**GIVEN INFORMATION**

# # # #

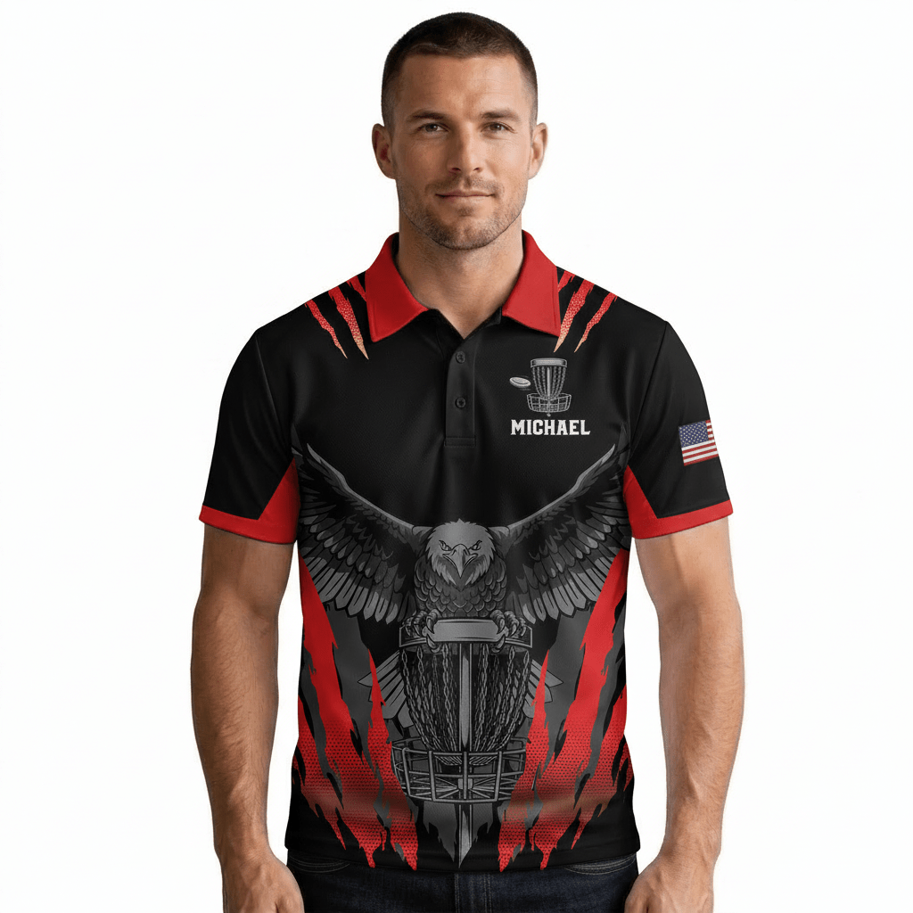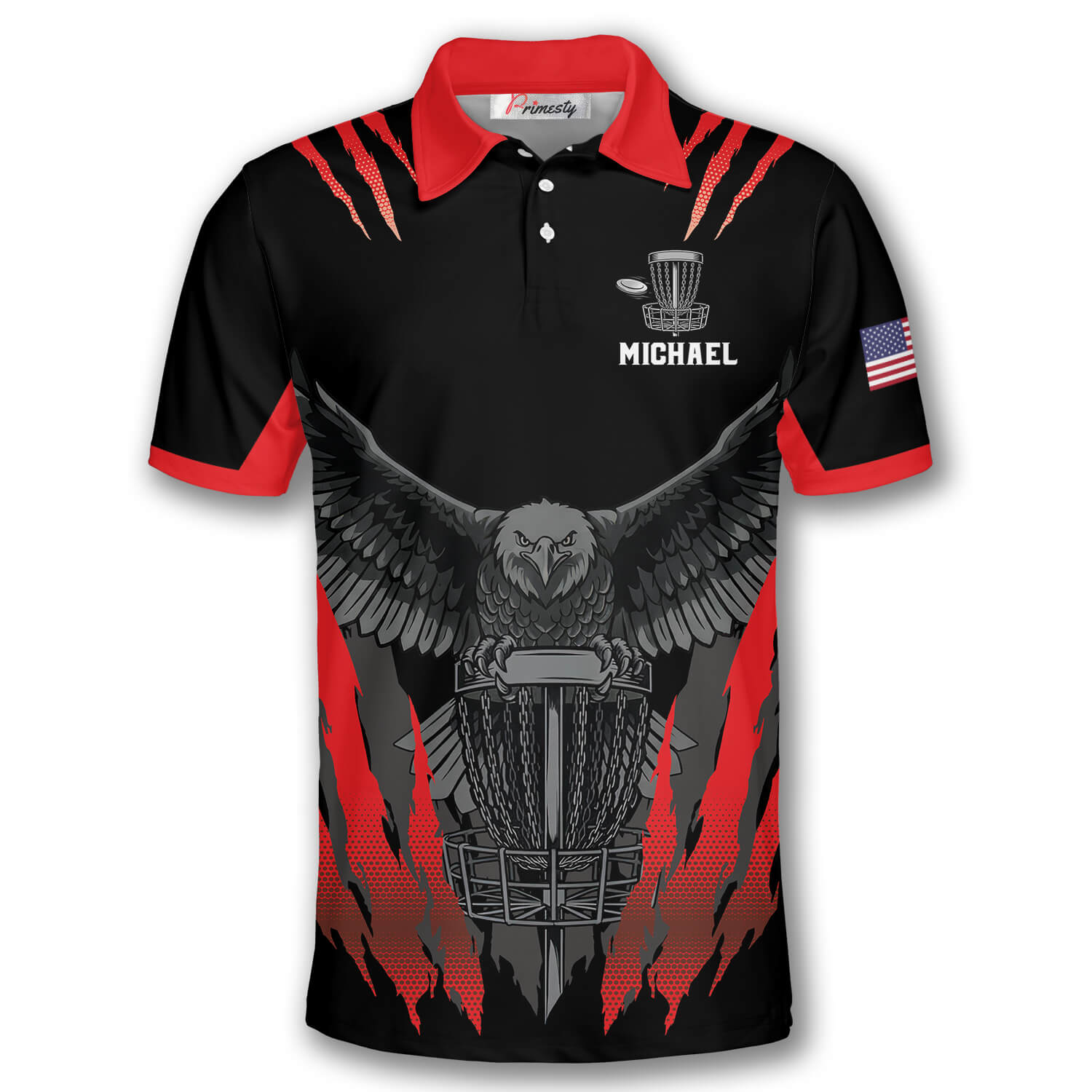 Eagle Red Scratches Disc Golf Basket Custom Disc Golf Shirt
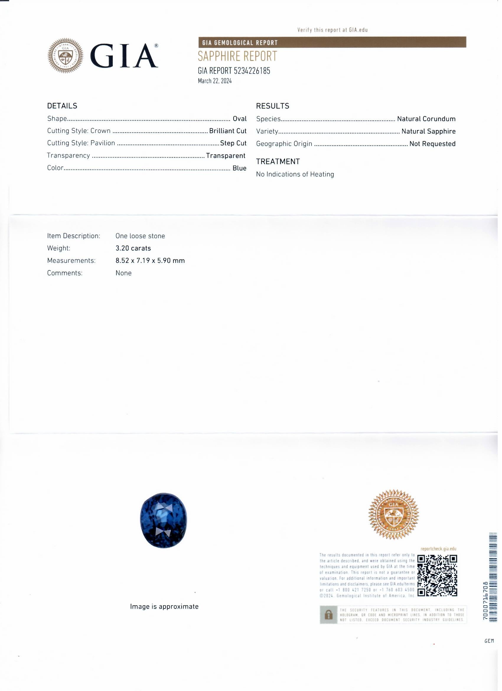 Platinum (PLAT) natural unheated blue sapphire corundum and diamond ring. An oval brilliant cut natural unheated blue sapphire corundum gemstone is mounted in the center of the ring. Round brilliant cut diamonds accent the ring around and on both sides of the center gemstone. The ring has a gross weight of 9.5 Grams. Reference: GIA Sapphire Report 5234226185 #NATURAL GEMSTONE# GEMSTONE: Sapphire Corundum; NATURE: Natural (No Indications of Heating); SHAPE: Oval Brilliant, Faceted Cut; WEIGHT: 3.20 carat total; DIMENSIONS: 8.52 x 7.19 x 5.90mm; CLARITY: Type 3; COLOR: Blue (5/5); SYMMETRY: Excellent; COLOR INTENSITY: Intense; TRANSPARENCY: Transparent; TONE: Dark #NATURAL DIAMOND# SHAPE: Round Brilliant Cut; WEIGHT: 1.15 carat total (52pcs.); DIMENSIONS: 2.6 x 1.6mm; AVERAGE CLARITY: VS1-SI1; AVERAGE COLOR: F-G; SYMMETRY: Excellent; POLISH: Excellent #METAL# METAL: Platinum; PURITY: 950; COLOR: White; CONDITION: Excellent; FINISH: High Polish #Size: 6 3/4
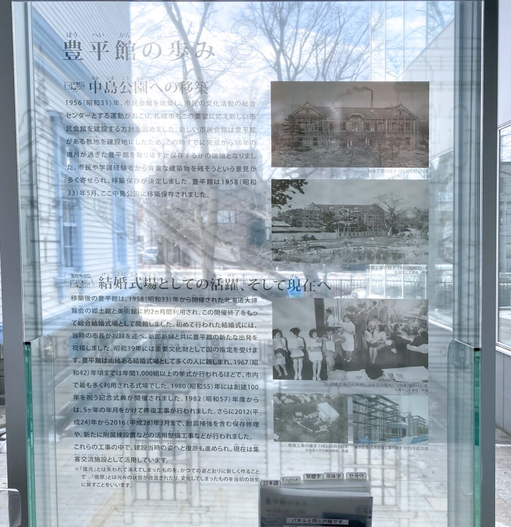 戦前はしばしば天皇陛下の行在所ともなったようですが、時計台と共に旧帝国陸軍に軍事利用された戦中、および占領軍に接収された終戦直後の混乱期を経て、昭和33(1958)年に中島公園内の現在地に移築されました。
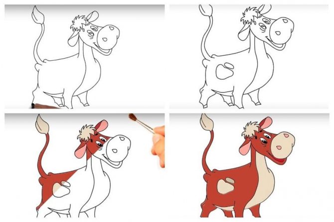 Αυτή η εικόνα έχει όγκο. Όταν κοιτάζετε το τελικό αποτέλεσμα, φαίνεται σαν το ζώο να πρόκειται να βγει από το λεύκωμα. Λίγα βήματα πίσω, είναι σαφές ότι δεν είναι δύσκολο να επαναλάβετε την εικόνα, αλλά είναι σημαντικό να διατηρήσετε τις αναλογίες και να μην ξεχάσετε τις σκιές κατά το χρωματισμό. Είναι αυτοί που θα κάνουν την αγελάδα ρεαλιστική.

# # # #

**WHAT TO DO**
Could you set down, exactly as written, every line from the one with "戦前はしばしば天皇陛下の行在" to the end of the data, both ends included? Leave out the pictures.

**ANSWER BOX**
 戦前はしばしば天皇陛下の行在所ともなったようですが、時計台と共に旧帝国陸軍に軍事利用された戦中、および占領軍に接収された終戦直後の混乱期を経て、昭和33(1958)年に中島公園内の現在地に移築されました。
 Αυτή η εικόνα έχει όγκο. Όταν κοιτάζετε το τελικό αποτέλεσμα, φαίνεται σαν το ζώο να πρόκειται να βγει από το λεύκωμα. Λίγα βήματα πίσω, είναι σαφές ότι δεν είναι δύσκολο να επαναλάβετε την εικόνα, αλλά είναι σημαντικό να διατηρήσετε τις αναλογίες και να μην ξεχάσετε τις σκιές κατά το χρωματισμό. Είναι αυτοί που θα κάνουν την αγελάδα ρεαλιστική.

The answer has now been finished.